Such is the growth that non-bank finance group, Chifley Securities, has established a property development group to provide construction finance and acquire equity in projects as part of its operations.

Chifley Securities has allocated $300 million of its total $1.1 billion worth of funding lines to finance property developments, without the major banks’ requirements of pre-sales and added security.

The group formed about two years steered by long term financiers including Dominic Lambrinos​ and the principals of Nationwide Capital – Domenic and Joe Morello – established Chifley as a viable commercial lending alternative to the major banks.

The new non-bank finance group in the commercial property market was launched with an initial lending pool of $480 million, but that has grown and now the partners have ventured into construction financing.

Chifley Securities is now funding property-backed projects ranging from $1 million to $50 million in Sydney and Melbourne, with lending rates from 11 per cent.

Its first major deal, when it launched, was worth $25 million, through a re-financing arrangement put together by receiver Jamieson Louttit of Jamieson Louttit & Associates.

Chifley principal Mr Lambrinos said the group also have strict guidelines on the quality of the projects and clients, of which about half are Chinese-based investors who don’t like to use the big four, public banks for lending.

He said the non-bank is filling a niche in the market by basing its lending decisions on the existing asset values, risk profile and prospects of the commercial property projects.

Chifley Securities’ director Joe Morello said the tightening of major lenders’ criteria for development lending has opened up an opportunity for us to provide first mortgages, mezzanine finance and loan to value ratio (LVR’s) of up to 90 per cent.

“We also have the ability to provide an expert development team to help projects come to fruition through the entire process from gaining development approvals to hand-over to buyers”, Mr Morello said.

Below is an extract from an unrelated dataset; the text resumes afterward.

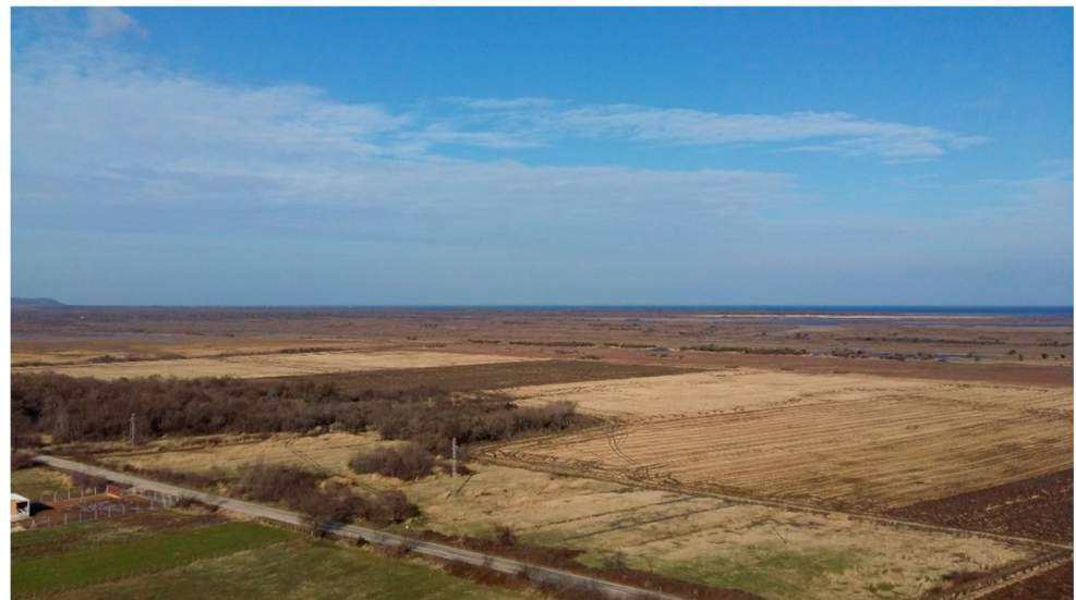
Fig. 2 East to west view of the Karacabey Floodplain Forest, with the lagoons clearly visible in the upper right corner

Swan Coastal Plain. In the Karacabey Floodplain Forest, morphology–hydrology–stratigraphy–palynology components were considered together, and selected biosites (Poyraz, Dalyan) were evaluated as representative units.

The new Chifley division, Chifley Property Development, has already commenced four projects – the first of which where the group will lend $29 million on a residential project in Sydney’s Hills District that the traditional lender rejected as there was, in its opinion,  inadequate equity.

The second project entails the development of a factory outlet in Campbelltown for $8 million where the bank withdrew its finance one week before settlement.

Other projects include a mixed-use development at Docklands in Melbourne and a consolidation of several properties in Granville where 90 per cent of the development cost will be borne by Chifley Property Development using its Structured Equity vehicle.

“Despite the historic low interest rates and demand from buyers, the banks are becoming much more difficult to deal with for developments and we see a strong gap in the market for a more pragmatic finance solution,” Mr Morello said.

The group will focus on an array of commercial and residential projects across the country.

Mr Lambrinos said there was an enourmous appetite for construction financing which is evidenced by the amount of cranes on capital city skylines, not just on big multi-million projects biut smaller suburban sites.